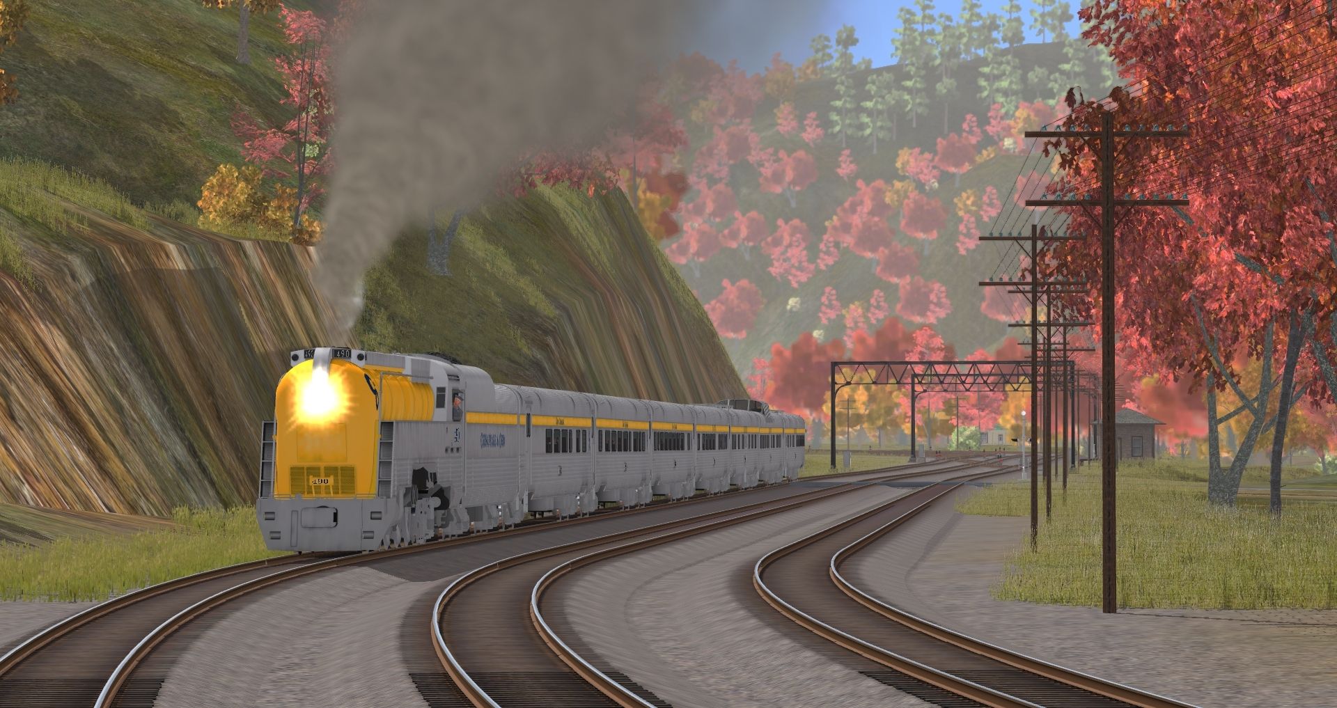 Tags: Trainz: A New Era, C&O Hinton Division, C&O L1 Hudson Engine, CWRY EX-C&O K-2 Mikado Engine, C&O Wood Sheathed Caboose V1, 40ft Boxcar D&H Wood 2, 70ton AAR Flatcar C&O, 36ft Boxcar SSW, 36ft Boxcar LV 1, 40ft Boxcar C&O, C&O Coal Gondola, C&O L1 Hudson Tender, Texaco 3-dome HW tank
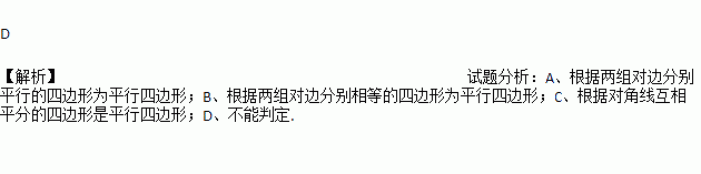 四边形ABCD中,对角线AC、BD相交于点O,下列条件不能判定这个四边形是平行四边形的是( )
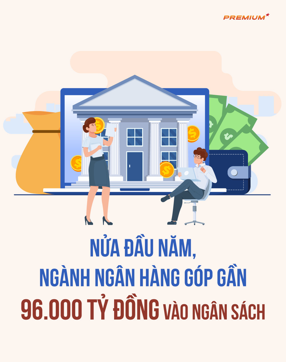 Tổng thu ngân sách Nhà nước 6 tháng đầu năm đạt hơn 1,3 triệu tỷ đồng, trong đó, ngành ngân hàng là một trong những khu vực nộp ngân sách lớn nhất với 95.500-96.000 tỷ đồng.
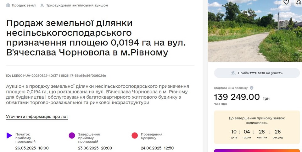 Ділянку на Чорновола у Рівному продають за 139 тисяч грн (ФОТО)
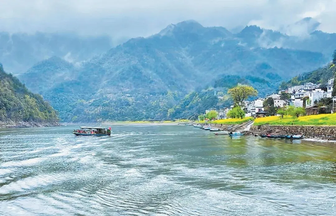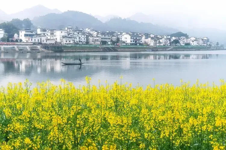春天的新安江,江水清澈碧透,宛如一条翡翠色的绸带。山坡上、河滩边、村落旁,大片大片的油菜花肆意绽放,铺天盖地的金黄色与错落有致的徽派村落交相辉映 。
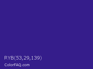 RYB 53,29,139 Color is a normal indigo color and the nearest color is Pixie Powder #391285. Hex code #351d8b and RGB value is rgb(53,29,139). In RGB color space, this color is composed of 21% red, 11% green, 55% blue, In CMYK color space, this color is composed of 62% cyan, 79% magenta, 0% yellow , 45% black , In HSL color space, this color has a hue angle of 253° , 65% saturation and 33% lightness.
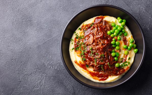 En värmande klassiker i modern tappning. Långkokt nötkött som faller isär i en djup, mustig sky serveras på silkeslent potatismos med söta gröna ärtor. En riktig comfort food-rätt som är…
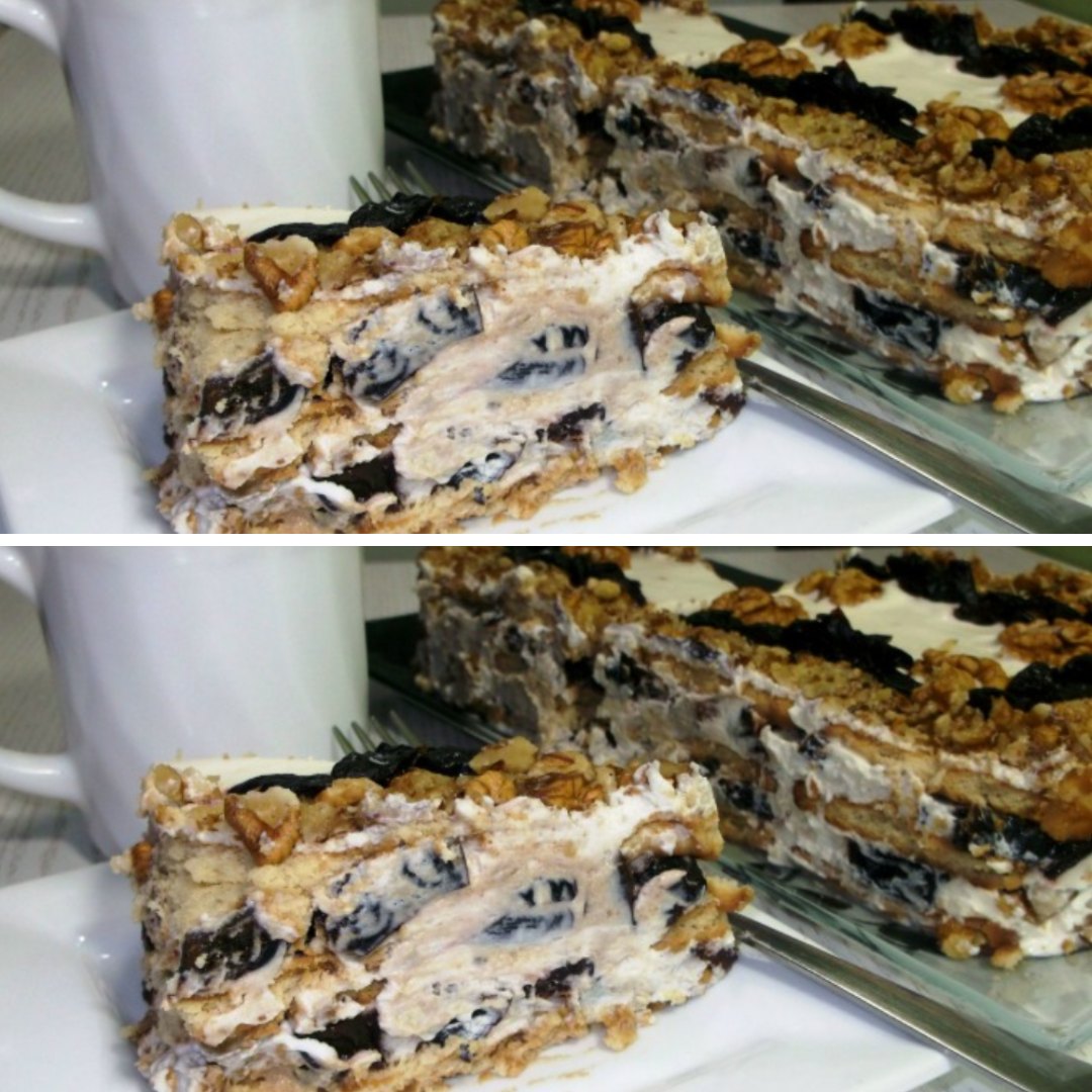Изысканный торт без выпечки с черносливом и орехами
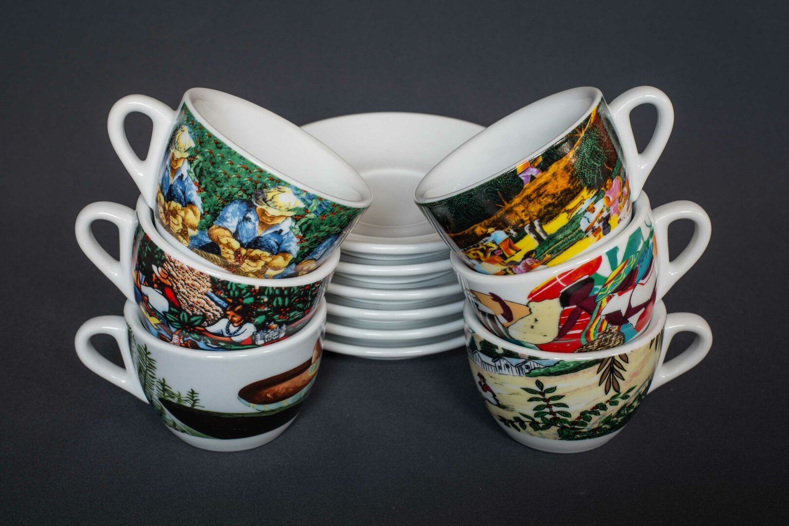 Dickwandige Tassen und Untertassen der ROSA ORIGINI-Serie in einer Serie von sechs gemalten Zeichnungen in leuchtenden Farben, die thematisch die Geschichte der Kaffeeverarbeitung in Ländern mit wachsender Tradition darstellen.
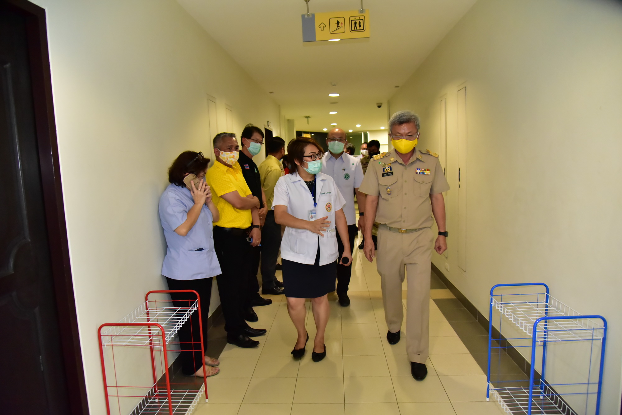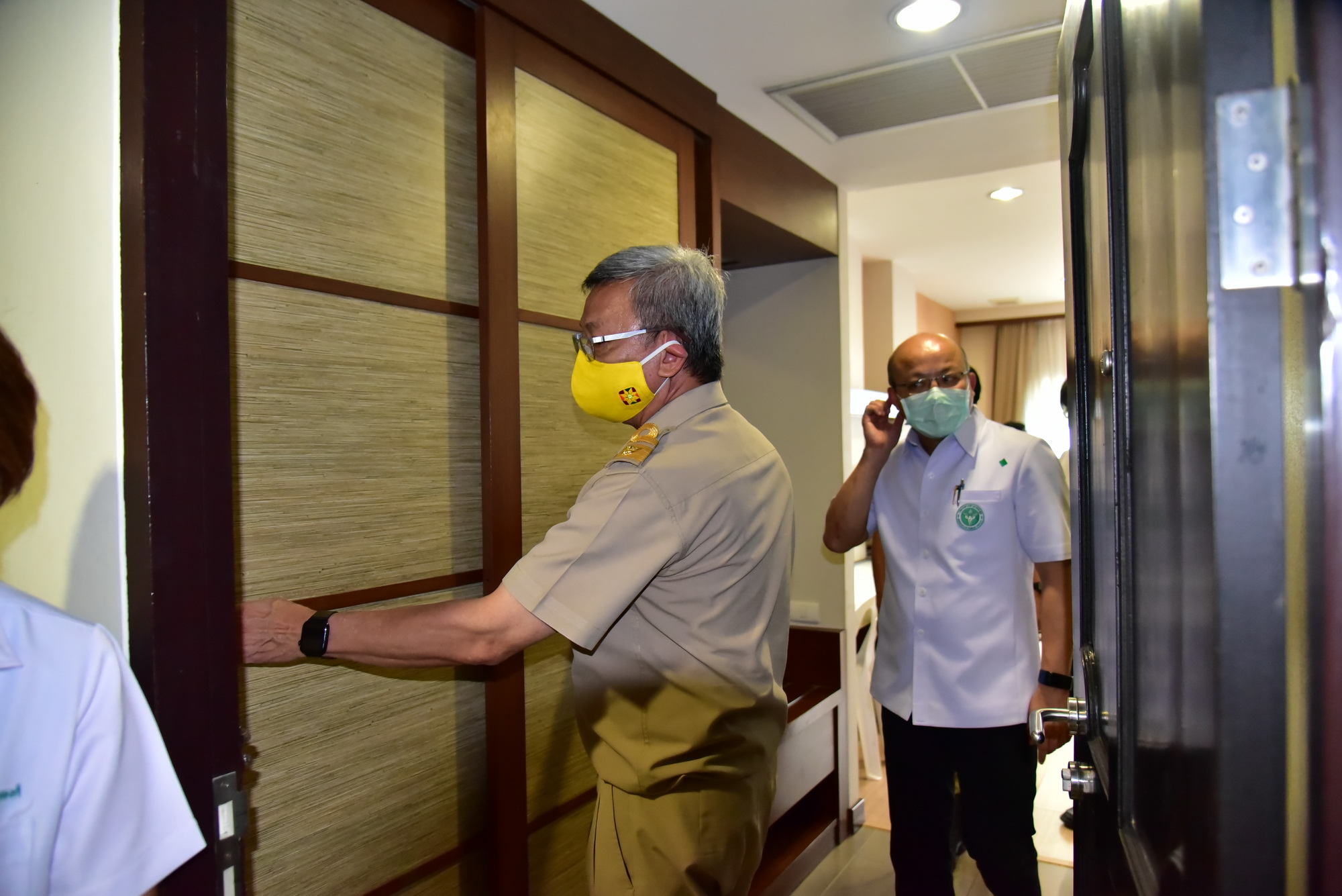 นายชาญนะ เอี่ยมแสง ผู้ว่าราชการจังหวัดนครปฐม พร้อมด้วย รองผู้ว่าราชการจังหวัด หัวหน้าส่วนราชการ และเจ้าหน้าที่จากหน่วยงานที่เกี่ยวข้อง ลงพื้นที่ตรวจการเตรียมความพร้อมของสถานที่กักกันสำหรับผู้ที่เฝ้าระวังสังเกตอาการจากเชื้อไวรัส COVID-19 หรือ Local Quarantine แห่งที่ 2 ของจังหวัด ณ แสนปาล์ม เทรนนิ่งโฮม อำเภอกำแพงแสน โดยความร่วมมือของมหาวิทยาลัยเกษตรศาสตร์ วิทยาเขตกำแพงแสน ในการใช้สถานที่อาคารพัก พุม ขำเกลี้ยง ซึ่งมีห้องพัก 48 ห้อง สามารถรองรับผู้ที่เฝ้าระวังสังเกตอาการจากเชื้อไวรัส COVID-19 ได้จำนวน 96 คน พร้อมจำกัดบริเวณเป็นสัดส่วน แบ่งเป็นโซนสีเขียว สำหรับเจ้าหน้าที่ปฏิบัติงานทั่วไป โซนสีเหลือง สำหรับเจ้าหน้าที่ปฏิบัติงานภายใน และโซนสีแดง สำหรับผู้ที่เฝ้าระวังสังเกตอาการเท่านั้น นอกจากนี้ยังมีห้องประชุมเพื่อเป็นห้องปฏิบัติงานสำหรับบุคลากรทางการแพทย์ อีกด้วย โดยในวันนี้มีการเตรียมความพร้อมขั้นตอนปฏิบัติงาน การสั่งการ กำกับภารกิจ การสั่งการด้านการแพทย์ การตรวจวัดร่างกาย การรักษาความปลอดภัย และการจัดการอาหาร เพื่อรองรับผู้ที่เฝ้าระวังสังเกตอาการ ซึ่งในขณะนี้มีความพร้อม 100 เปอร์เซ็นต์
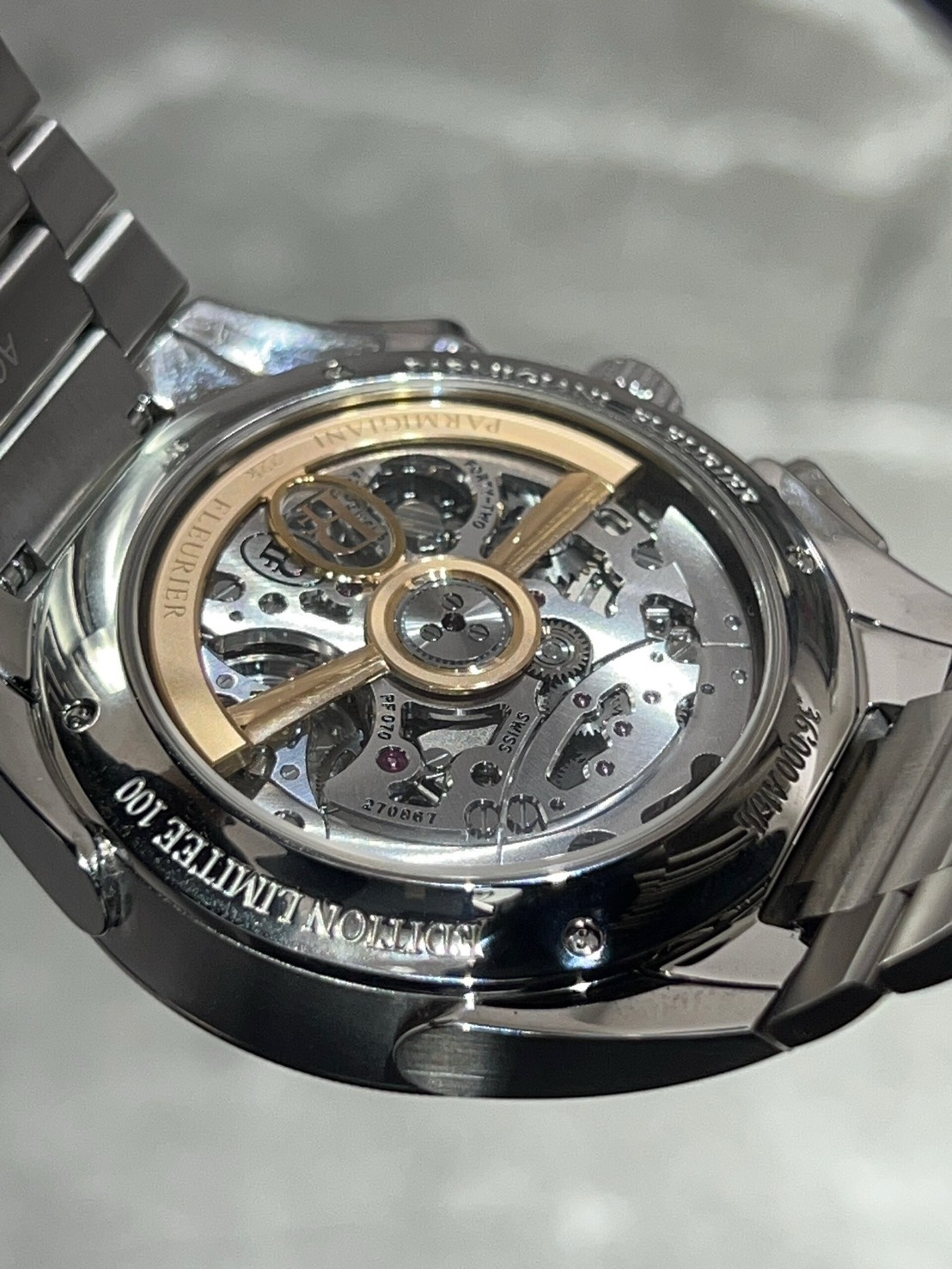 パルミジャーニフルリエの美しい造形が好きな方も多いと思いますがケースサイドから見ても立体感がある装飾で裏蓋からは毎時36,000のハイビートのムーブメントが確認でき機能性も高いです。

::::

WHAT TO DO = Exactly the lines from the top of the entries through the line with "春天的新安江,江水清澈碧透,宛如一条翡翠", inclusive, must be given again, with every picture omitted.

RESPONSE TO THIS TASK =
 Tags: Trainz: A New Era, C&O Hinton Division, C&O L1 Hudson Engine, CWRY EX-C&O K-2 Mikado Engine, C&O Wood Sheathed Caboose V1, 40ft Boxcar D&H Wood 2, 70ton AAR Flatcar C&O, 36ft Boxcar SSW, 36ft Boxcar LV 1, 40ft Boxcar C&O, C&O Coal Gondola, C&O L1 Hudson Tender, Texaco 3-dome HW tank
 四边形ABCD中,对角线AC、BD相交于点O,下列条件不能判定这个四边形是平行四边形的是( )
 Tổng thu ngân sách Nhà nước 6 tháng đầu năm đạt hơn 1,3 triệu tỷ đồng, trong đó, ngành ngân hàng là một trong những khu vực nộp ngân sách lớn nhất với 95.500-96.000 tỷ đồng.
 Ділянку на Чорновола у Рівному продають за 139 тисяч грн (ФОТО)
春天的新安江,江水清澈碧透,宛如一条翡翠色的绸带。山坡上、河滩边、村落旁,大片大片的油菜花肆意绽放,铺天盖地的金黄色与错落有致的徽派村落交相辉映 。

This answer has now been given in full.